Scratch. Scratch. Scratch.
Annoying, commonplace, and sometimes dangerous, the mosquito is one little creature that holds a familiar place in societies all across the globe. Without them, would a camping trip in the woods ever really be complete? They prey on the nearest blood they can discover, and more often than is desirable, this prey is found in both human and in animal form. Although many people think nothing of a little mosquito bite, mosquitoes do indeed cause an incredible amount of pain and sickness with their bites that are all too often seen as nothing more than an annoying itch.
Mosquitoes spread countless diseases through their bites. Their viruses affect 700 million people each year. Some of these diseases include well-known ones, such as West Nile Virus, Malaria, Dengue, and Yellow Fever. In fact, over one million people die each year from mosquito-born diseases. Although the large majority of these cases take place in the more tropical climates, modern travel has created a gateway for them to spread across the globe. One illness in particular that has been in the news quite frequently within the past couple years is of particular importance—Zika virus.
Zika virus has been gaining more and more attention in the more recent months as it has been spreading to new parts of the world.

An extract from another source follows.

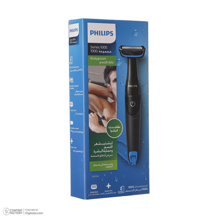 هر چند که موی سر یکی از عوامل موثر در زیبایی افراد است، ولی رویش مو در نقاط دیگر همچون بدن نه تنها به زیبایی کمک نمیکند بلکه در برخی موارد آزاردهنده نیز هست. از بین بردن موها در این نواحی کمک فراوانی به زیبایی افراد میکند زیرا در این شرایط رنگ واقعی پوست دیده شده و لطیفتر بهنظر میرسد. برای کمک به حل این مشکل از ابزارهای مختلفی استفاده میشود که یکی از آنها ماشین اصلاح بدن است. BG1024 یک ماشین اصلاح بدن، ساخت شرکت «فیلیپس» (Philips) است. این محصول سریهای برش مستقیم دارد که موهای بدن را از 0.5 تا 3 میلیمتر کوتاه میکنند. این مدل دارای سریهای قابل شستشو است. با وجود قابلیت استفاده زیر دوش، موهای بدن را راحتتر میتوان کوتاه کرد. همچنین برای این دستگاه باتری غیرقابل شارژ به عنوان منبع تغذیه در نظر گرفته شده است. در نهایت میتوان گفت اگر به یک ماشین اصلاح با امکانات مناسب نیاز دارید، میتوانید BG1024 را انتخاب کنید.

This illness, first identified in Africa in the 1940s when monkeys contracted it, is another one that is spread mainly through the bite of infected mosquitoes. Although the symptoms, such as a rashes and joint pains, of this disease are oftentimes harmless, this illness has been identified as being the culprit of fatal birth defects in the babies whose mothers suffered from Zika during pregnancy. Clearly, this virus is extremely dangerous for expecting mothers.
With these diseases in mind, consider exactly how mosquitoes accomplish their job of spreading them to such a large number of people each year. Although the mosquito’s limited life span varies from as short as four days to as long as one month, they lay their eggs by the hundreds. This explains why the entourage of these little insects is so overwhelming. The females, who are the ones to blame for the spreading of diseases since they are the only mosquitos who actually bite, prefer to lay their eggs on the surfaces of still water or damp earth. After the eggs are laid, they undergo the larva stage, during which the larva dwells in the water, coming to the surface for oxygen and eating small organisms for food. The larva sheds its skin four times during this phase. During the pupa stage, the mosquito rests, not feeding, and moves with the light. After the pupa stage, the mosquito reaches its adult stage and becomes equipped to exit its watery home. This is when their need for blood meals begins. Depending on the species, mosquitoes are prompted to feed either early in the morning or at dusk. The weather also plays a key factor in their desires to feed. Cloudy days and shade are especially inviting to some species, and other species travel miles to find the perfect meal.
When a mosquito digs into its prey, it injects its saliva into the victim. This only becomes dangerous to the victim when the mosquito is carrying a virus. Fortunately for the mosquito, its body has the ability to recognize this virus as a foreign element and automatically destroys it within a short amount of time. Thus, the mosquito remains unharmed by the virus that it has now transferred to the human or animal by way of saliva. The mosquito must bite the victim while it is actually infected with the virus and before its body destroys it. Since the time frame for this to be accomplished is rather limited, the mosquito that is virus-free today may have been carrying a virus such as Zika yesterday.
Being aware of the dangerous consequences that mosquito bites have on both animals and humans instills a desire to take precautions against allowing these insects to prevail. One way to take precaution is to try to limit their breeding grounds. Frequently changing the water in garden fountains and birdbaths, flushing out standing water, and having proper irrigation systems are a few ways that people can help control the mosquito population around their homes. Additionally, homeowners can cut down any weeds or tall grasses that grow close to the foundation of their homes, and mosquito traps are readily available, as well, for summer nights outside.
If one plans to be spending any time outside when these factors cannot be eliminated, mosquito repellent is the best option, especially at dusk or around any damp areas. Mosquitoes remain well-known creatures whose itchy bites are annoying, but people must be careful to take needed precautions against mosquito bites that can sometimes be so dangerous.